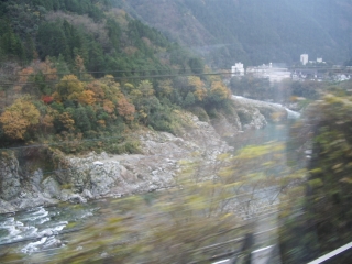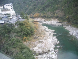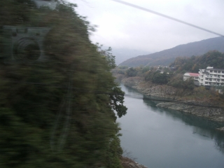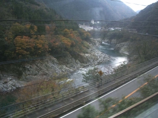 ◆小歩危の渓流を通り過ぎたところです。 大歩危は列車からは見えにくい位置なので、こちらのほうが鑑賞にはよろしいようです。 |
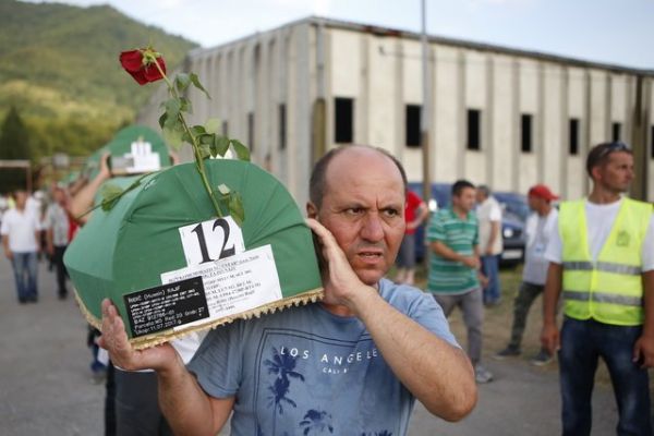 Srebrenitsa kurbanlarının tabutları böyle taşındı
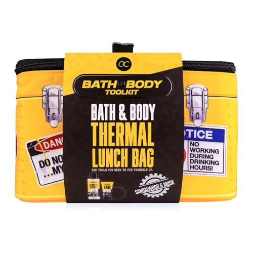 Accentra Presentset BATH BODY TOOLKIT för män i termoväska, 200 ml duschgel, 50 ml handpeeling och nätsvamp, vårdset för män, fars dag eller födelsedag
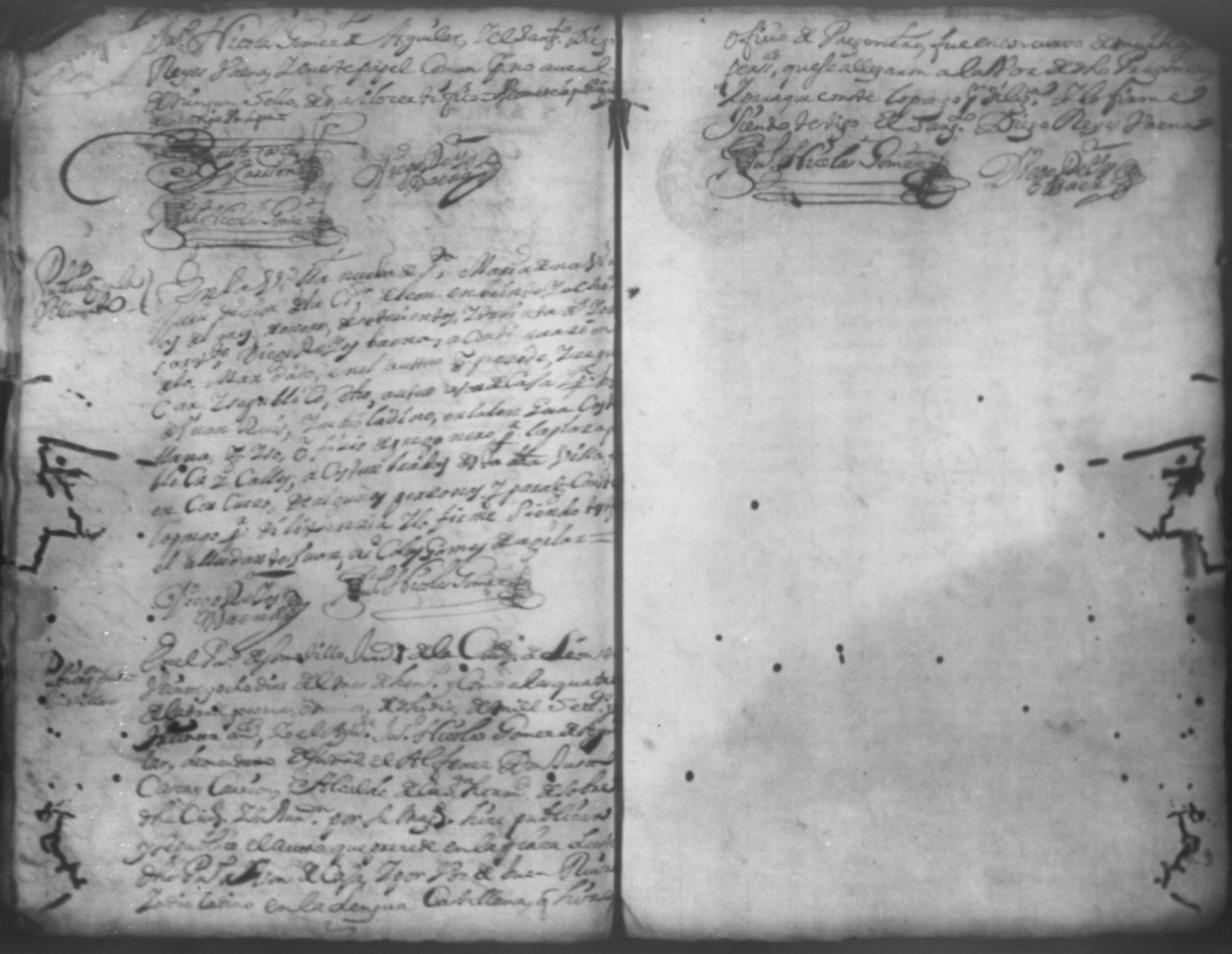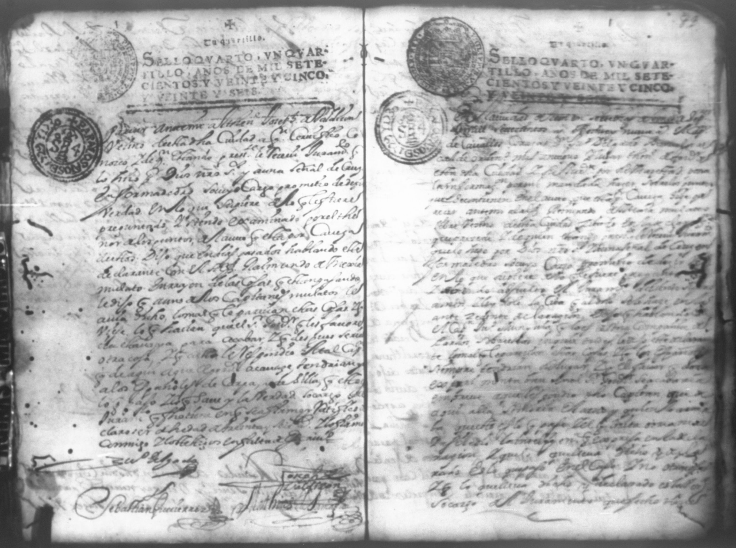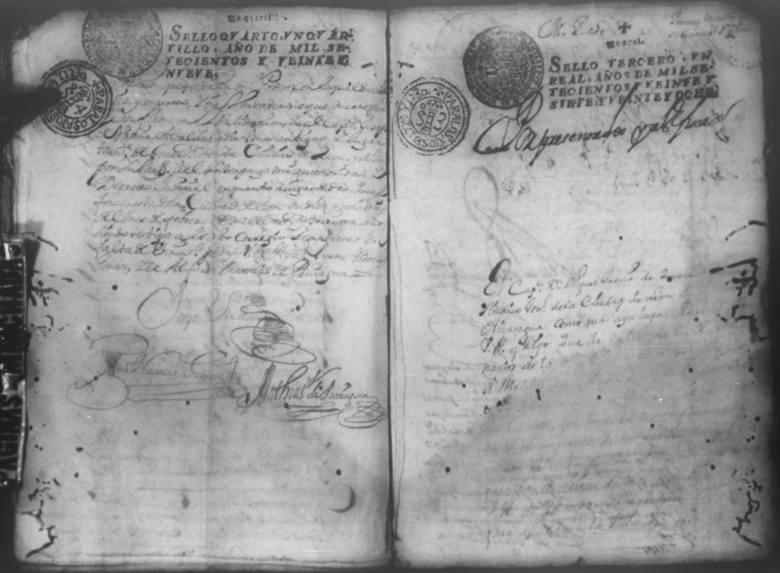 Temática: Leon 1729. Causa Criminal seguida de oficcion por la Real Justizia contra Juan Rafael de Espinosa, ygnazio de Sequeira y [Derifio] Javier la executa de [yncautos] en la pugna [...] de [sargento] Mayor en que prohiben los duelos y desafios. Firma de Mathias de Samagua. Documentos hace mención de varias causas criminales. Expediente contiene varias paginas con manchas por humedad.
****************************************
Goal of the exercise ▸ A word-for-word transcription of the listing is needed, minus its images.

Task output ▸
 ◆小歩危の渓流を通り過ぎたところです。 大歩危は列車からは見えにくい位置なので、こちらのほうが鑑賞にはよろしいようです。 |
 Srebrenitsa kurbanlarının tabutları böyle taşındı
 Accentra Presentset BATH BODY TOOLKIT för män i termoväska, 200 ml duschgel, 50 ml handpeeling och nätsvamp, vårdset för män, fars dag eller födelsedag
 Temática: Leon 1729. Causa Criminal seguida de oficcion por la Real Justizia contra Juan Rafael de Espinosa, ygnazio de Sequeira y [Derifio] Javier la executa de [yncautos] en la pugna [...] de [sargento] Mayor en que prohiben los duelos y desafios. Firma de Mathias de Samagua. Documentos hace mención de varias causas criminales. Expediente contiene varias paginas con manchas por humedad.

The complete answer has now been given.